[Materials provided Boundary: Start]
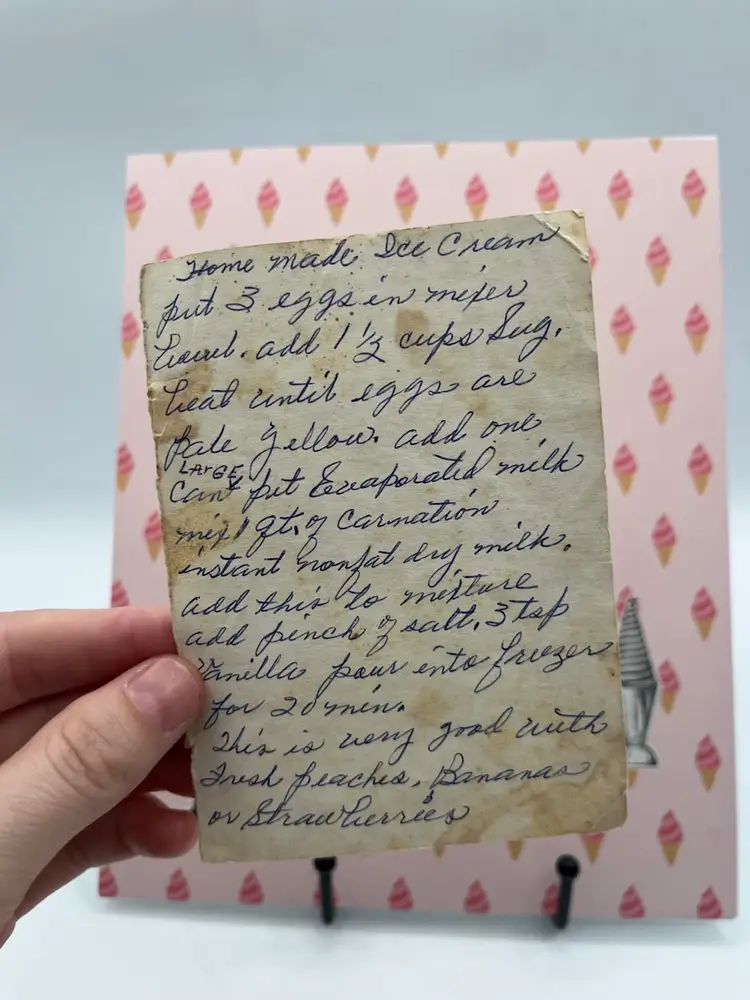Matting measures 8” x 10” Ice cream image sources from 1980s book reproduction of 19th century wood block prints.
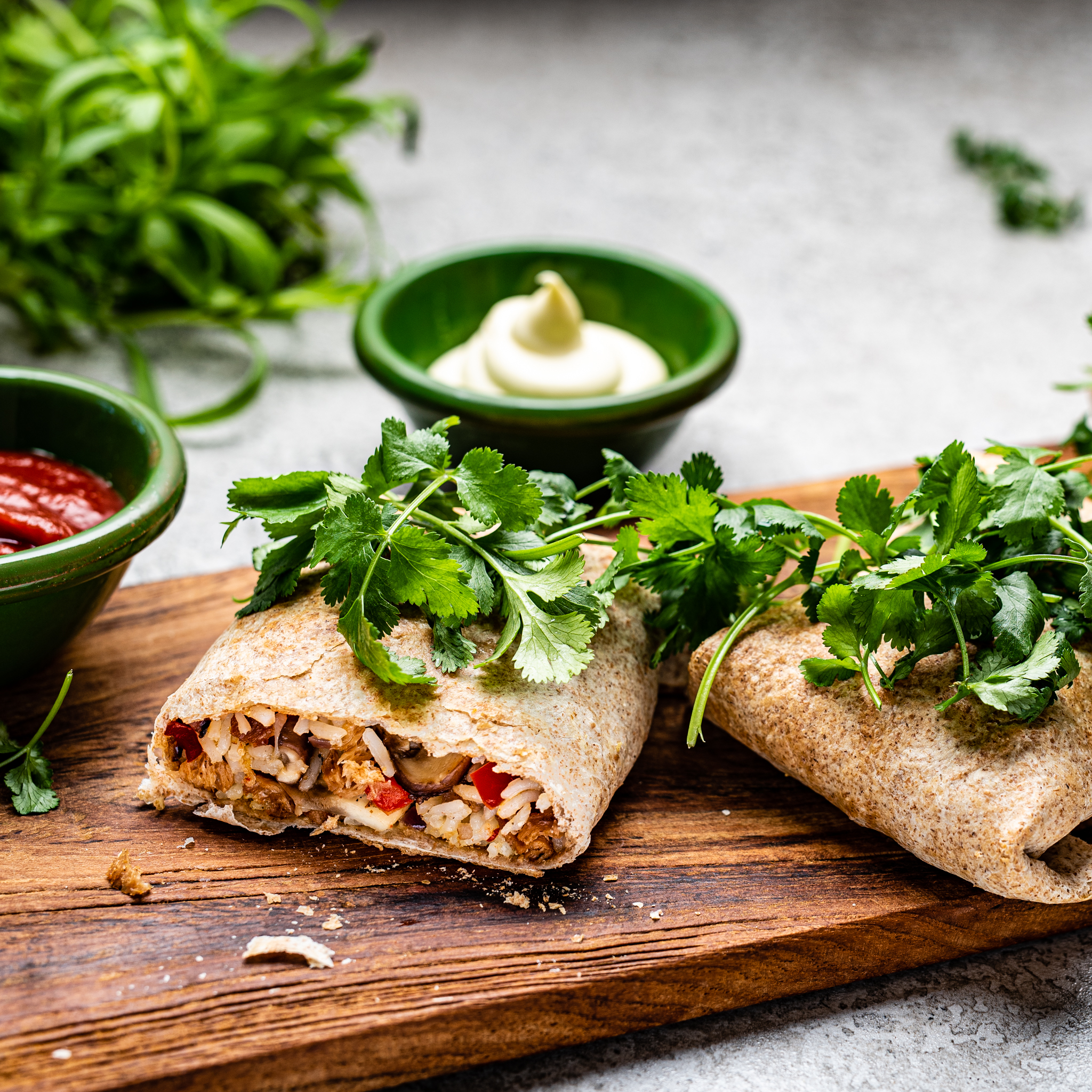 3. Laota segu tortilla põhjale, lisa juust ja voldi tortilla tihedalt kokku nii, et lahtised otsad jääksid alla. Pintselda pealt oliivõliga.
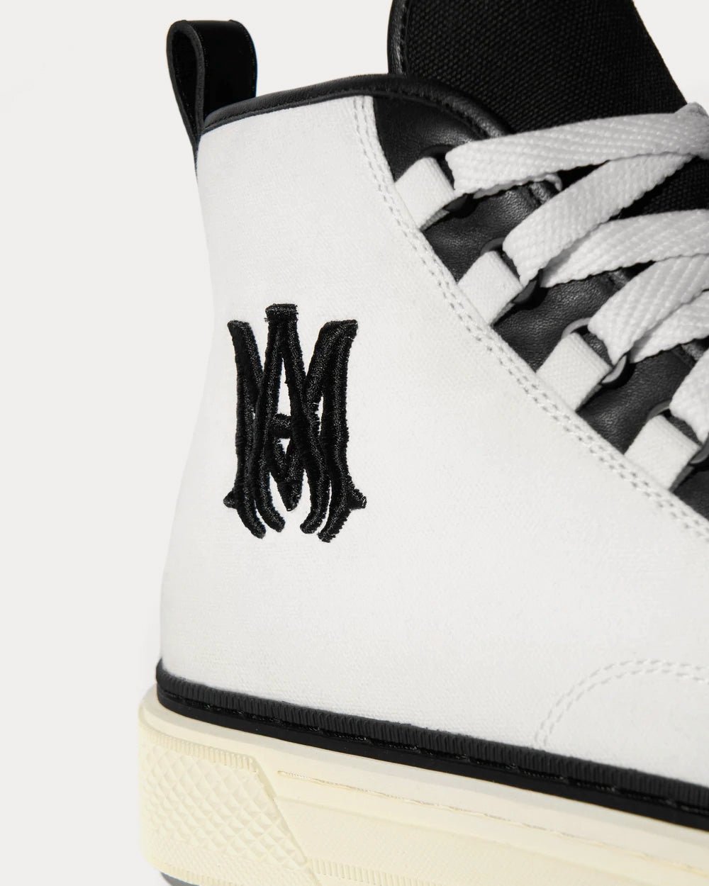 Les baskets montantes Amiri M.A. Court High Black / White sont fabriquées en toile avec une languette en cuir et une semelle double épaisseur.
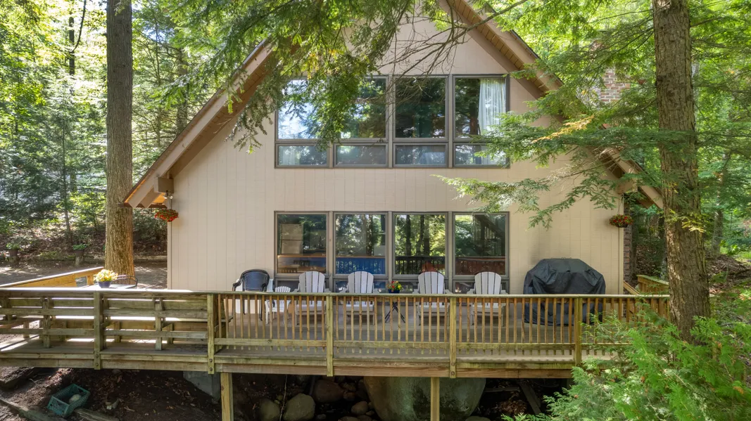 Discover your Adirondack retreat at Blue Sky Estates on Schroon Lake! This classic lakefront chalet combines the best of both worlds—exclusive HOA amenities AND the privacy of your own shoreline. Enjoy the community's sandy beach and shared dock, while also claiming 103 feet of your own private beachfront with a personal dock and streamside sitting area. Inside, the open floor plan creates a warm gathering space, with three bedrooms and two full baths offering comfort for family and guests. Spend mornings sipping coffee on the deck, afternoons paddling from your dock, and evenings fireside, taking in the glorious sunsets behind the High Peaks. Just minutes to Gore Mountain for world-class skiing, connected to extensive snowmobile trails, and surrounded by vibrant fall foliage, this property offers four seasons of adventure. Whether you're boating, hiking, skiing, or simply soaking in the views, every day here feels like a true Adirondack escape.
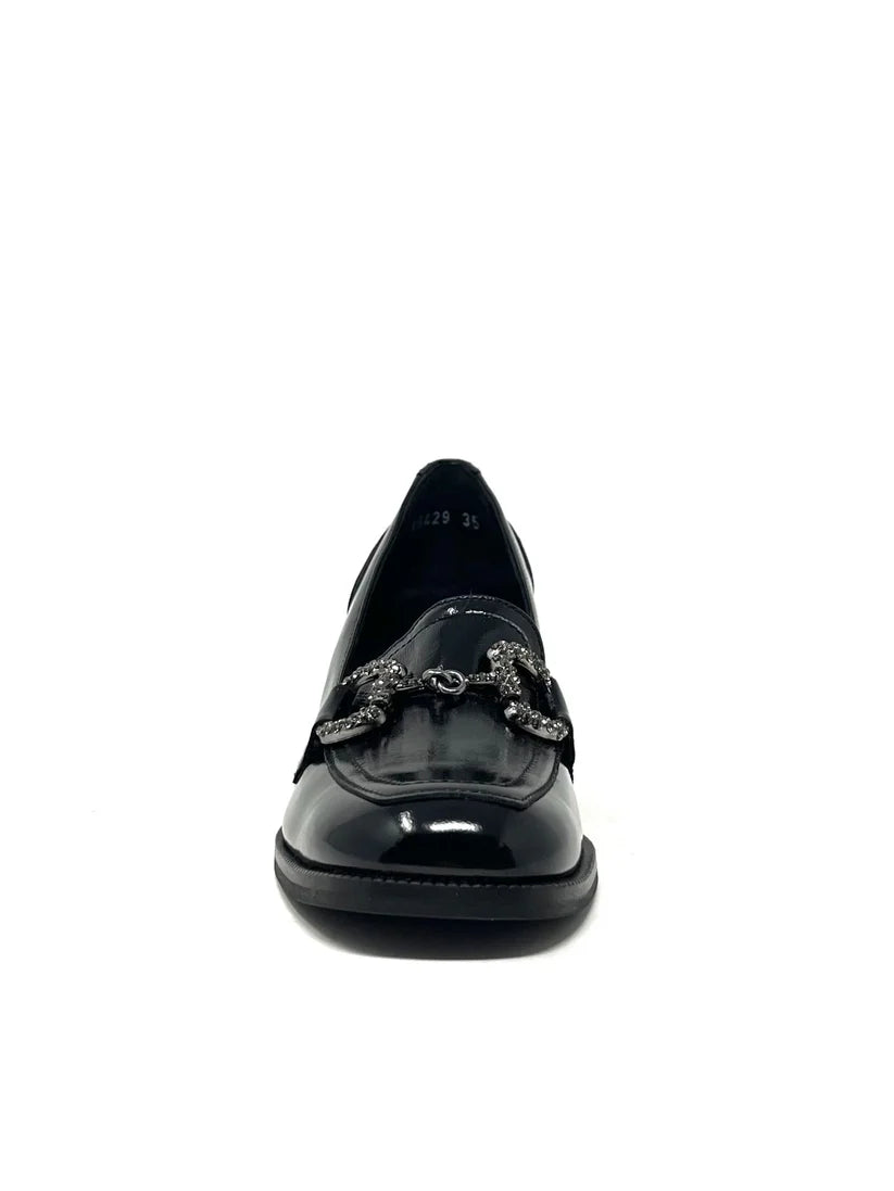 Questo mocassino con tacco largo unisce comfort e stile grazie alla morbida nappa e al morsetto decorativo che aggiunge un tocco di raffinatezza. Il tacco stabile garantisce una camminata sicura durante tutta la giornata, rendendolo perfetto per chi cerca eleganza senza rinunciare al benessere del piede. Ideale per completare sia look formali che casual con un dettaglio di classe.
[Materials provided Boundary: End]
- _Action item_:
Using the entries above, repeat exactly the lines from the one with "Les baskets montantes" to the one with "Discover your Adirondack", both included, and leave the pictures behind.

- _Result of this exercise_:
 Les baskets montantes Amiri M.A. Court High Black / White sont fabriquées en toile avec une languette en cuir et une semelle double épaisseur.
 Discover your Adirondack retreat at Blue Sky Estates on Schroon Lake! This classic lakefront chalet combines the best of both worlds—exclusive HOA amenities AND the privacy of your own shoreline. Enjoy the community's sandy beach and shared dock, while also claiming 103 feet of your own private beachfront with a personal dock and streamside sitting area. Inside, the open floor plan creates a warm gathering space, with three bedrooms and two full baths offering comfort for family and guests. Spend mornings sipping coffee on the deck, afternoons paddling from your dock, and evenings fireside, taking in the glorious sunsets behind the High Peaks. Just minutes to Gore Mountain for world-class skiing, connected to extensive snowmobile trails, and surrounded by vibrant fall foliage, this property offers four seasons of adventure. Whether you're boating, hiking, skiing, or simply soaking in the views, every day here feels like a true Adirondack escape.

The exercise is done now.